This goes into the point I wanted to make Seeker, that so long as total daily nutritional needs are met, the timing of them is of much much lesser importance ie casein before bed or PWO nutrition etc. I'm not saying you can't eat before bed but if you've met your needs during the day that's the single most important factor to body comp and the timing should be based on convenience and lifestyle factors.


----------



## DocDePanda187123 (Jan 10, 2014)

AlphaD said:


> Hahaha!  I know!  Convenience does come into play......  Now-a-days Im a shredded chicken and a side of cottage cheese before bed.



I fukking hate ch**se lmao. You'll never see me eating it. You'll actually see me holding my breath when walking by the ch**se aisle in the grocery store hanaha.


----------



## Stevethedream (Jan 10, 2014)

Docd187123 said:


> I fukking hate ch**se lmao. You'll never see me eating it. You'll actually see me holding my breath when walking by the ch**se aisle in the grocery store hanaha.

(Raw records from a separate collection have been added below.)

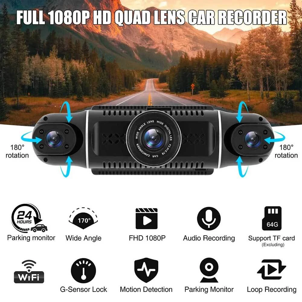 Product Description 4-Channel Car DVR Dash Cam Video Recorder G-Sensor 1080P Front Rear Cameras 64GB Features: *1. [4-channel Driving Camera] 1080P FHD DVR camera is composed of a front lens, a left lens, a right lens, and an optional rear lens to cover as many as possible directions when you drive. *2. [Crystal Clear Image] The 170-degree ultra-wide angle lens and 3-inch large LCD screen of the camera can capture clearer videos even when driving at high speed, allowing you to watch important moments again. The left and right lensed can be rotated independently to record the front and cabin images. *3. [Built-in WIFI Module] Simple and easy to operate, you can view device videos and images in real time through the app. NOTE: The WiFi function is optional. *4. [Night Vision & 24H Parking Monitoring] The cabin camera has an F1.8 aperture and 4 infrared lights. In addition to producing incredibly clear recordings, its image will be far superior to that of other driving recorders at night. These three cameras also integrate the latest and most sensitive night vision image sensors, so they can capture stunning images even in pitch-black spaces at night, recording 24/7. *5. [Loop Recording & G-Sensor] Automatically overwrite the past videos when the memory card is full. G-sensor will be activated when there is a collision to lock the key video you need and prevent it from being overwritten. Description: *1. Resolution: Front 1920P+Left 1080P+Right 1080P+Rear 1080P *2. Pixel: 1920 * 1080/30 frames *3. Lens Angle: 170 degrees *4. Screen: 3.0 inch IPS *5. Loop Recording: supported *6. G-sensor: supported *7. Parking Monitoring: supported *8. Mobile Detection: supported *9. Memory Card: up to 64GB *10. Power Interface: USB2.0/5V-2.5A *11. Battery: 150MAH with protective plate *12. Frequency: 50/60Hz *13. Language: English, Chinese *14. Working Temperature: -20°C~+70°C *15.Voltage:10-24V *16.WIFI:Hotspot Wifi Name:A360 Wifi Password:1234567890 *17.Battery Capacity:150 mAh *18.Power Cable Length:3.5 meters *19.Reverse Camera Cable Length:6.4 meters Package Includes: 1 x Dashcam 1 x Bracket 1 x Power Cord 1 x Rear Camera 1 x Rear Camera Cable 1 x 64 GB TF Card Payment Shipping Terms Returns Contact Us About Taxes 1. We accept payment via PAYPAL ONLY . 2. Payment must be made within 4 days of auction closing. (Non-payment may result in a UPI (Unpaid Item) being put on your account. eBay will automatically close your account if you accumulate 4 UPI's total.) 3. TOTAL AMOUNT DUE includes the final auction price plus S&H(Shipping and Handling). 4.S&H will be determined based upon the SHIP TO address, Tax and customs. PLEASE NOTE: S&H DOES NOT INCLUDE DUTIES, LOCATL TAXES OR ANY OTHER IMPORTATION FEES. We are not responsible for any custom duty or import tax. 5. Please list your special requests (color, packages, etc.) in the PAYPAL NOTES SECTION when you make payment. Our working hours Beijing time from 9:00 a.m. to 18:00 p.m . Monday to Friday Delivery details 1. WORLDWIDE SHIPPING. (Except South America , APO/AFO,ect) 2.Orders processed within 24-48 hours of payment verification(excludes weekends and holidays). 3. We only ship to confirmed PAYPAL addresses. Your PAYPAL address MUST MATCH your Shipping address. 4. The images shown are not the actual item and are for your reference only. 5. SERVICE TRANSIT TIME is provided by the carrier and excludes weekends and holidays. Transit times may vary, particularly during the holiday season. 6. If you have not received your shipment within 40 days from payment, please contact us. We will track the shipment and get back to you as soon as possible with a reply. Our goal is customer satisfaction! 7. Due to stock status and time differences, we will choose to ship your item from our first available warehouse for fast delivery. 8.Delivery time: (Other countries or remote areas may take longer.) Delivery time: Country Delivery Time Working Days(not including holiday) 5-7 8-11 12-14 15-19 20-22 >22 Working Days+Saturday+Sunday 5-9 10-15 16-20 21-25 26-30 >31 United States Rate(item arrived) 5.1% 50.1% 29.6% 10.5% 4.7% Contact seller United Kingdom Rate(item arrived) 9.9% 63.2% 19.1% 3.4% 4.4% Contact seller Australia Rate(item arrived) 21.4% 50.0% 1 4.3% 7.2% 7.1% Contact seller France Rate(item arrived) 10.5% 28.6% 43.8% 10.1% 7.0% Contact seller Germany Rate(item arrived) 11.1% 22.2% 30.3% 20.9% 15.5% Contact seller Canada Rate(item arrived) 0.0% 47.1% 31.4% 17.6% 3.9% Contact seller Spain Rate(item arrived) 3.5% 25.0% 47.9% 12.9% 10.7% Contact seller (Other countries or remote areas may take longer.) Warranty: 1. One Year Manufacturer's Warranty for defective items (excluding items damaged and/or misused after receipt). Accessories come with a 3-month warranty. 2.If buyer requests a return when there is no quality problem of the item he received,return postage has to be paid by buyer,and postage for the item won't be returned. 3.If item is damaged or defective on arrival,buyer can either requests a refund or replacement,and postage will be paid by us,meanwhile,the item must be returned. Note: A. Customs duties is neither included in the item value nor the postage,which should be in the responsibility of buyers. B. Please check with your country's customs office to determine what these additional costs will be prior to bidding/buying. 1. You have 7 days to contact us and 10 days to return it from the date it was received. WE WILL ISSUE YOU A REFUND OR REPLACEMENT ! 2. All returned items MUST BE in the original packaging and you MUST PROVIDE us with the shipping tracking number , specific reason for the return, and your eBay ID . 3. We will refund YOUR FULL WINNING BID AMOUNT, upon receipt of the item in its original condition and packaging with all components and accessories included, AFTER BOTH Buyer and Seller cancel the transaction from eBay. OR, you may choose to have a replacement. 4. Return shipping is to be paid by the Buyer . Our office hours are: 9:00 a.
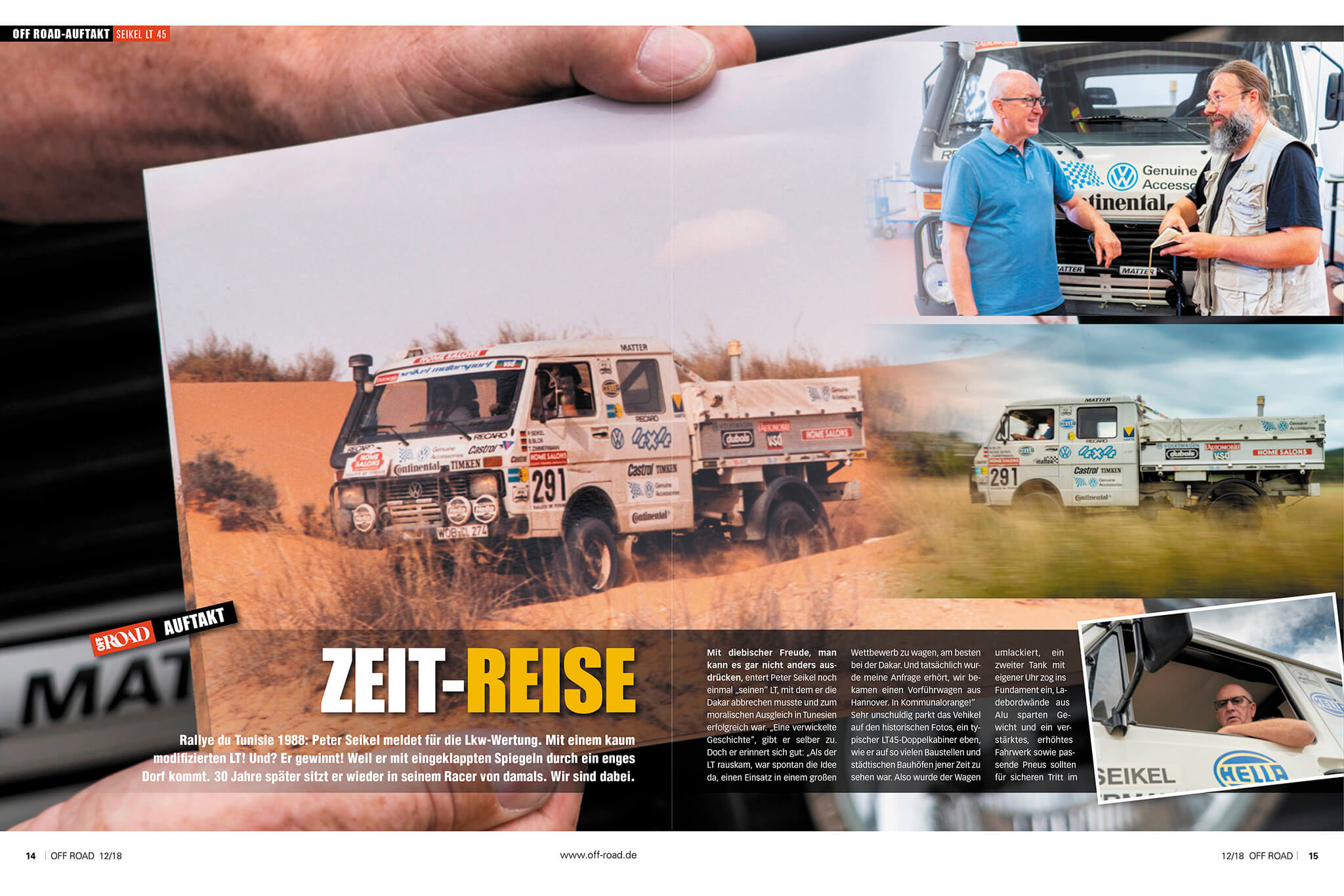 Als der LT herauskam, war spontan die Idee da, einen Einsatz in einem großen Wettbewerb zu wagen. Mit einem von Peter Seikel wüsten- und renntauglich umgebauten LT45-Dopplekabiner ging es dann 1988 los …
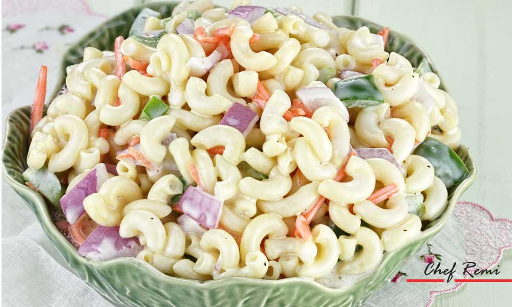 - In your salad / presentation bowl, place your macaroni, egg, bell pepper, carrots, celery and onion. Drizzle your dressing over.
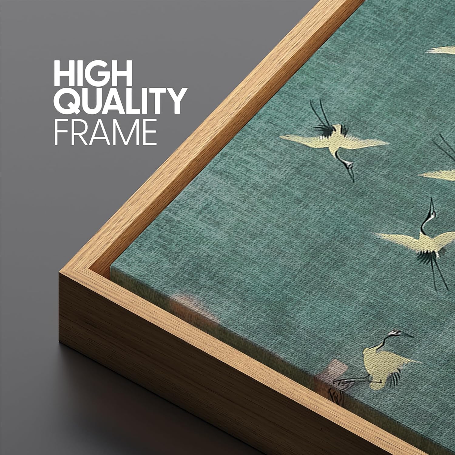 MUDECOR Extra Large Framed Canvas Print Wall Art Serene Skies White Birds in Flight on Teal Antique Retro Fine Art Illustrations Decorative Colorful for Bedroom - 60"x30"
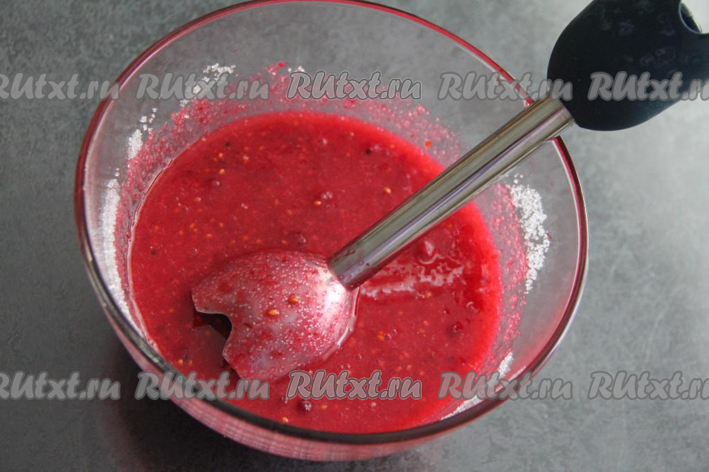 Пробить красную смородину с сахаром погружным блендером.

Oooh u know I love cheese cuz im a Green Bay Packers fan. Cheeseheads baby....Go pack Go........yea goin home :'(


----------



## DocDePanda187123 (Jan 10, 2014)

Stevethedream said:


> Oooh u know I love cheese cuz im a Green Bay Packers fan. Cheeseheads baby....Go pack Go........yea goin home :'(



That's the reason I'll never visit Wisconsin lmao.


----------



## halfwit (Jan 10, 2014)

Docd187123 said:


> That's the reason I'll never visit Wisconsin lmao.



Ohhhhhhhh Doc, your hatred of cheese makes me sad.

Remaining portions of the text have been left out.